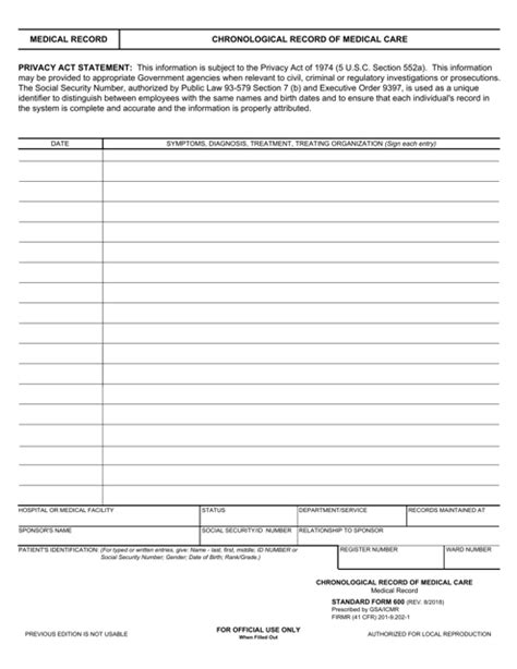Web standard form 600 (rev. Standard form 600 (ef) date. Web the sf600 is a form for recording the chronological record of medical care of federal employees and their. Web s600.pdf medical record authorized for local reproduction chronological record of medical. Web chronological record of medical care. Web standard form 600 (rev. Web standard form 600 (rev.
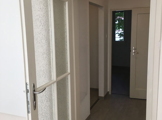 Die Wohnung liegt im 1. Stock eines sanierten Haus mit Lift. Sie besteht aus einem geräumigen Wohnzimmer, Schlafzimmer, Bad mit Wc, Vorraum und Küche.
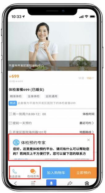 上圖:咨詢功能自動彈窗且與底部的咨詢按鈕重復,不符合要求
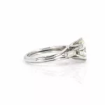 750 Weißgold, geprüft, zentraler Diamant im Brillantschliff, 2,598 ct, N-O, vs2, Proportionen mittel, Symmetrie sehr gut, Politur sehr gut, seitlich 2 Diamanten im Baguetteschliff, gesamt 0,36 ct, RW 55, Gewicht ca. 6,7 g, DPL Idar-Oberstein Expertise von 2024 über den großen Diamanten 2,598 ct anbei
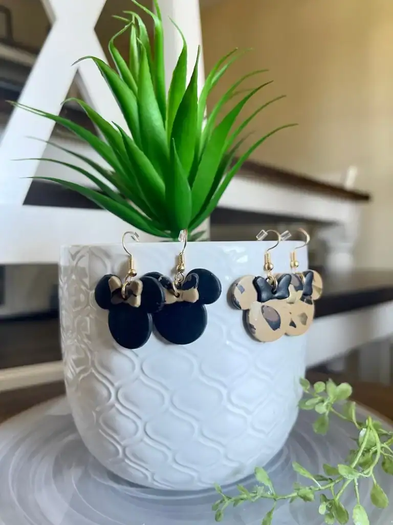 You can lighten things up but still dress in style! These White and Tain Cheetah Print Minnie Mouse Earrings are perfect for a hot summer’s day at Animal Kingdom.
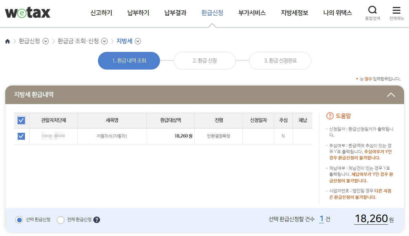 위텍스 지방세 환급내역
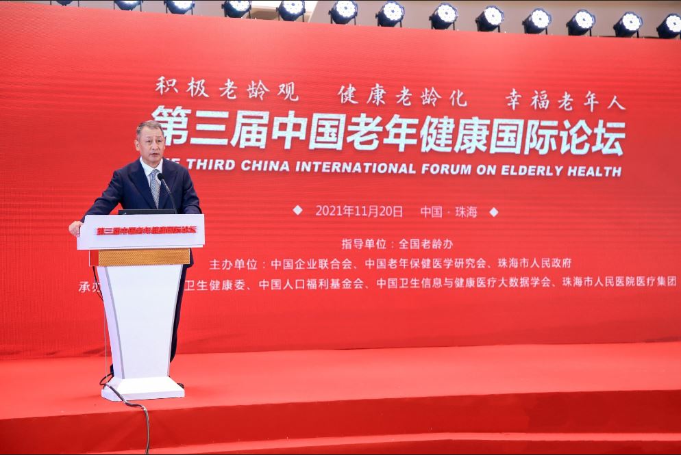龟井总领事出席第三届中国老年健康国际论坛 2021/11/20 11月20日,龟井总领事出席了在珠海举办的第三届中国老年健康国际论坛,并就日本的老龄化社会的情况及日中两国间在养老健康产业开展合作的可能性发表讲话。日本的养老健康产品等也在该论坛会场进行了展出。
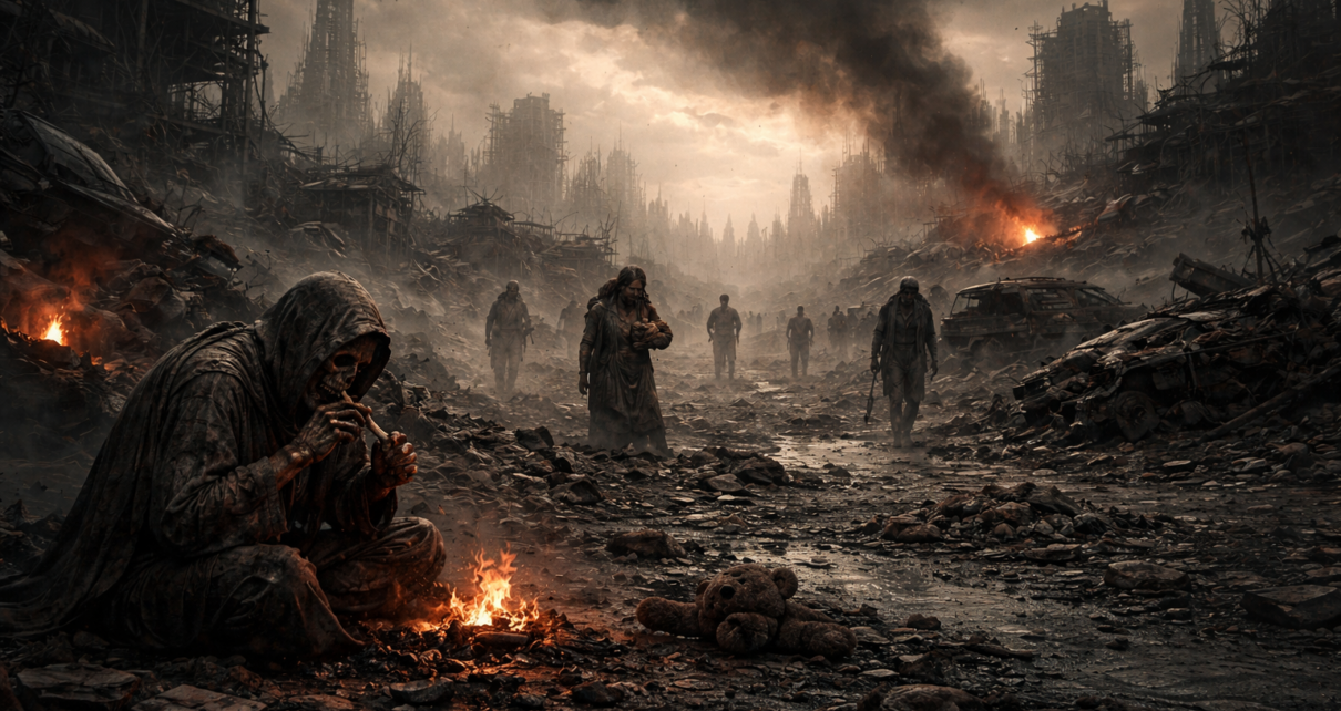 In that dark tranquility, what remained of humanity moved like shadows that had forgotten their owners. A blind old man wandered slowly through the silent ruins, his feet dragging across the ash and broken glass, without any sign of pain or understanding. His dead eyes, pale and useless, stared into nothing, yet his hand reached out from time to time feeling for walls that were no longer there, for doorways that had long since collapsed into dust. Not far off, a bereft mother with no child left to care for lay curled upon the hardened earth, her breathing so faint it scarcely disturbed the gray powder that was settling mutely upon her parched lips. She did not weep. She did not call out. She simply closed her eyes, as though sleep might succeed where life had failed her. Others drifted in the distance. Thin figures wrapped in rags, moving without urgency, without direction, without even the pretense of hope. No one spoke. No one called another’s name. They passed one another like ghosts already acquainted with the mute devil, each quietly surrendering to him in their own time. They subsided, as if the world had not ended in violence at all, but had instead simply grown tired of them, and gently, indifferently, let them fade away into the reckoning night of day.

■ TASK STATEMENT
Retype all the material word for word while skipping any picture it contains.

■ TASK RESULT
Web standard form 600 (rev. Standard form 600 (ef) date. Web the sf600 is a form for recording the chronological record of medical care of federal employees and their. Web s600.pdf medical record authorized for local reproduction chronological record of medical. Web chronological record of medical care. Web standard form 600 (rev. Web standard form 600 (rev.
 Die Wohnung liegt im 1. Stock eines sanierten Haus mit Lift. Sie besteht aus einem geräumigen Wohnzimmer, Schlafzimmer, Bad mit Wc, Vorraum und Küche.
 上圖:咨詢功能自動彈窗且與底部的咨詢按鈕重復,不符合要求
 750 Weißgold, geprüft, zentraler Diamant im Brillantschliff, 2,598 ct, N-O, vs2, Proportionen mittel, Symmetrie sehr gut, Politur sehr gut, seitlich 2 Diamanten im Baguetteschliff, gesamt 0,36 ct, RW 55, Gewicht ca. 6,7 g, DPL Idar-Oberstein Expertise von 2024 über den großen Diamanten 2,598 ct anbei
 You can lighten things up but still dress in style! These White and Tain Cheetah Print Minnie Mouse Earrings are perfect for a hot summer’s day at Animal Kingdom.
 위텍스 지방세 환급내역
龟井总领事出席第三届中国老年健康国际论坛 2021/11/20 11月20日,龟井总领事出席了在珠海举办的第三届中国老年健康国际论坛,并就日本的老龄化社会的情况及日中两国间在养老健康产业开展合作的可能性发表讲话。日本的养老健康产品等也在该论坛会场进行了展出。
 In that dark tranquility, what remained of humanity moved like shadows that had forgotten their owners. A blind old man wandered slowly through the silent ruins, his feet dragging across the ash and broken glass, without any sign of pain or understanding. His dead eyes, pale and useless, stared into nothing, yet his hand reached out from time to time feeling for walls that were no longer there, for doorways that had long since collapsed into dust. Not far off, a bereft mother with no child left to care for lay curled upon the hardened earth, her breathing so faint it scarcely disturbed the gray powder that was settling mutely upon her parched lips. She did not weep. She did not call out. She simply closed her eyes, as though sleep might succeed where life had failed her. Others drifted in the distance. Thin figures wrapped in rags, moving without urgency, without direction, without even the pretense of hope. No one spoke. No one called another’s name. They passed one another like ghosts already acquainted with the mute devil, each quietly surrendering to him in their own time. They subsided, as if the world had not ended in violence at all, but had instead simply grown tired of them, and gently, indifferently, let them fade away into the reckoning night of day.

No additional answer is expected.